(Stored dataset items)
________________________________________
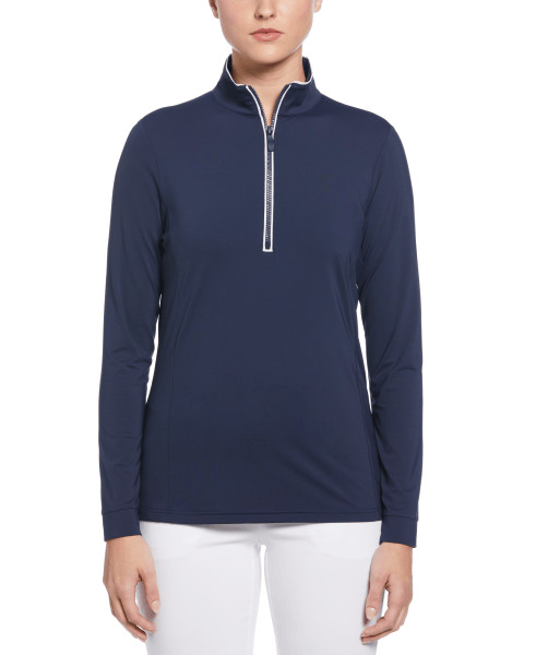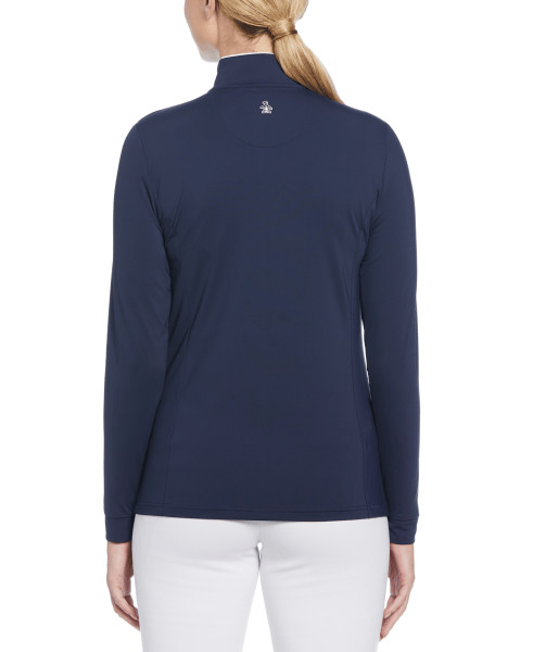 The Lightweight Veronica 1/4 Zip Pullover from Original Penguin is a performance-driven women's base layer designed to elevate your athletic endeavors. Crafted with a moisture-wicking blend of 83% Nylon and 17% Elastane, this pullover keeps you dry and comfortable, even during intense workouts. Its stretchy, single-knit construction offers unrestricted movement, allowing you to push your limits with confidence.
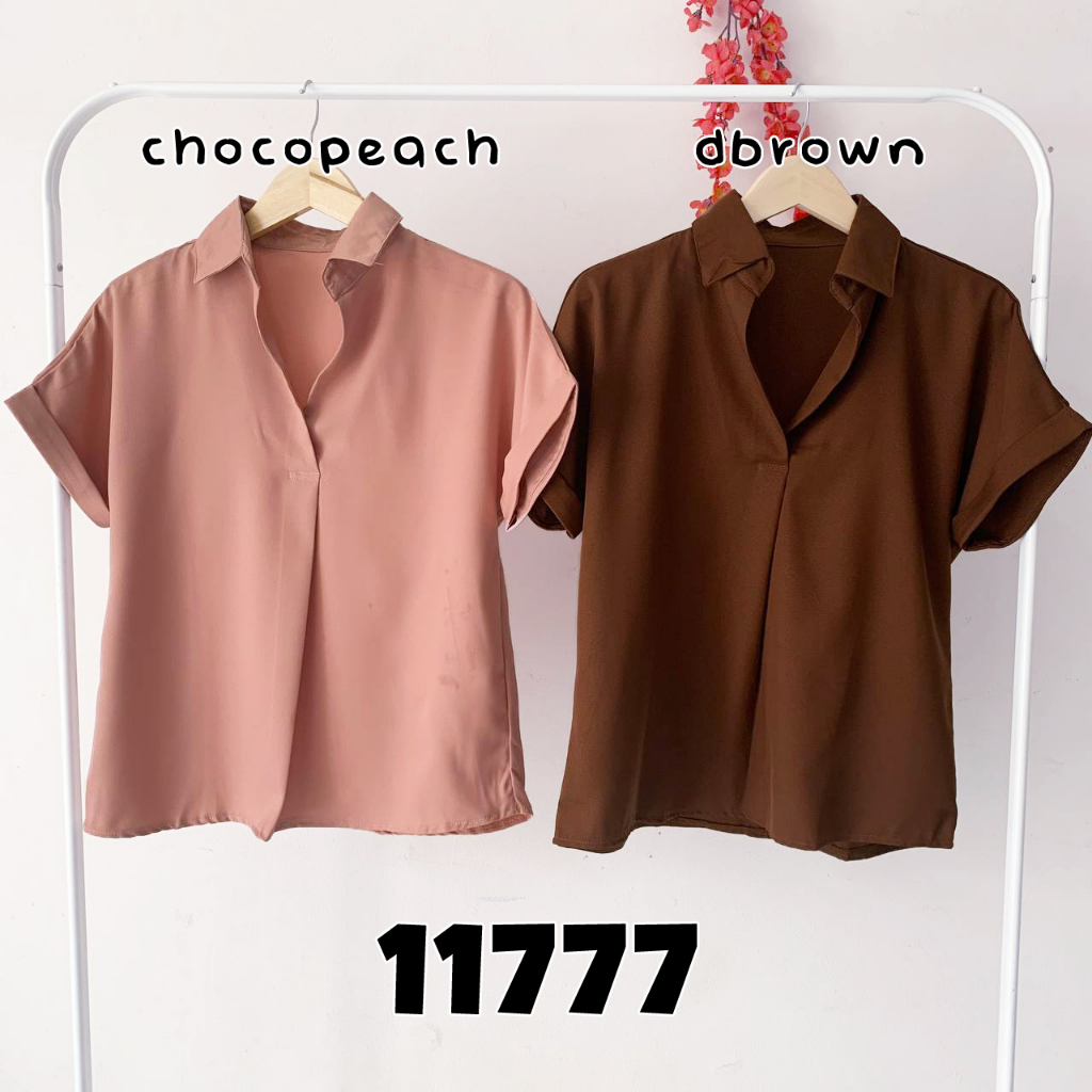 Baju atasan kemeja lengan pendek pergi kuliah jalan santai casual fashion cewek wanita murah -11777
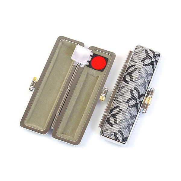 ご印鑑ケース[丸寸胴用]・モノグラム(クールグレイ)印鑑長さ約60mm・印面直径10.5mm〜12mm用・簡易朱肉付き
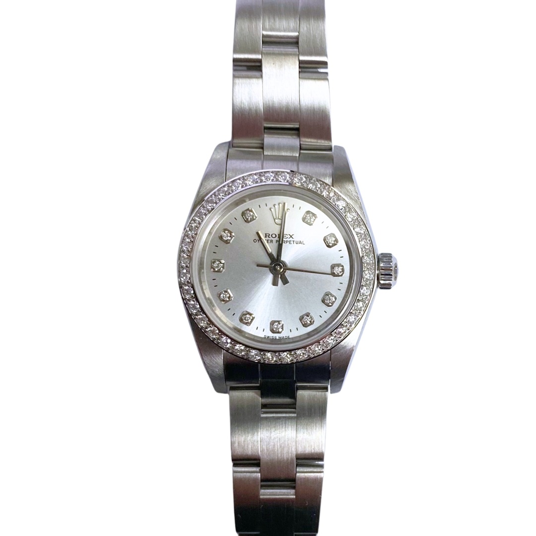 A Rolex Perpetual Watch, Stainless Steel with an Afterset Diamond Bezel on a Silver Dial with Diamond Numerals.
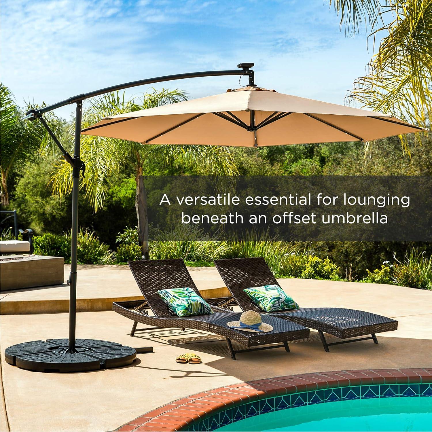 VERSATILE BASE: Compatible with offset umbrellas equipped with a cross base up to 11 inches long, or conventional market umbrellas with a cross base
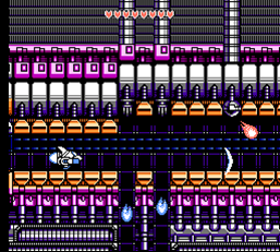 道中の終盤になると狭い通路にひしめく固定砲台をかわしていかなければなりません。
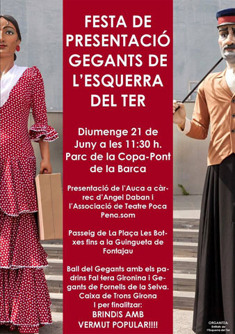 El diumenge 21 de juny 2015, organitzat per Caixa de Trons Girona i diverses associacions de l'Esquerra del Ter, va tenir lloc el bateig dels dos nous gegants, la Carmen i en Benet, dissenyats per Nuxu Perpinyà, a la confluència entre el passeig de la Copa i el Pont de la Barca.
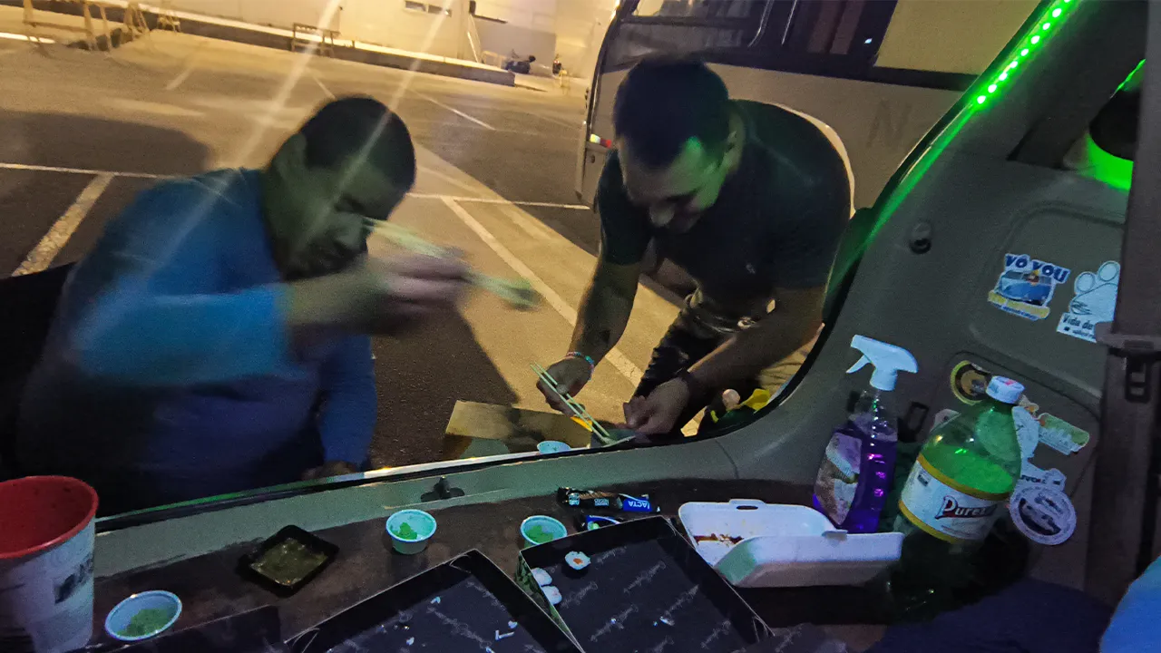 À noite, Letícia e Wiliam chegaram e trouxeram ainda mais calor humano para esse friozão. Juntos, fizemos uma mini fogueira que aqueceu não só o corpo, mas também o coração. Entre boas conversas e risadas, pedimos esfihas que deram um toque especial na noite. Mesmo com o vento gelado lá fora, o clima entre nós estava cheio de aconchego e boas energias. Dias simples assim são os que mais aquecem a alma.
________________________________________
Transcribe only the lines above that start at the line containing "Baju atasan kemeja" and end at the line containing "A Rolex Perpetual". Omit pictures.

→ Answer area:
 Baju atasan kemeja lengan pendek pergi kuliah jalan santai casual fashion cewek wanita murah -11777
 ご印鑑ケース[丸寸胴用]・モノグラム(クールグレイ)印鑑長さ約60mm・印面直径10.5mm〜12mm用・簡易朱肉付き
 A Rolex Perpetual Watch, Stainless Steel with an Afterset Diamond Bezel on a Silver Dial with Diamond Numerals.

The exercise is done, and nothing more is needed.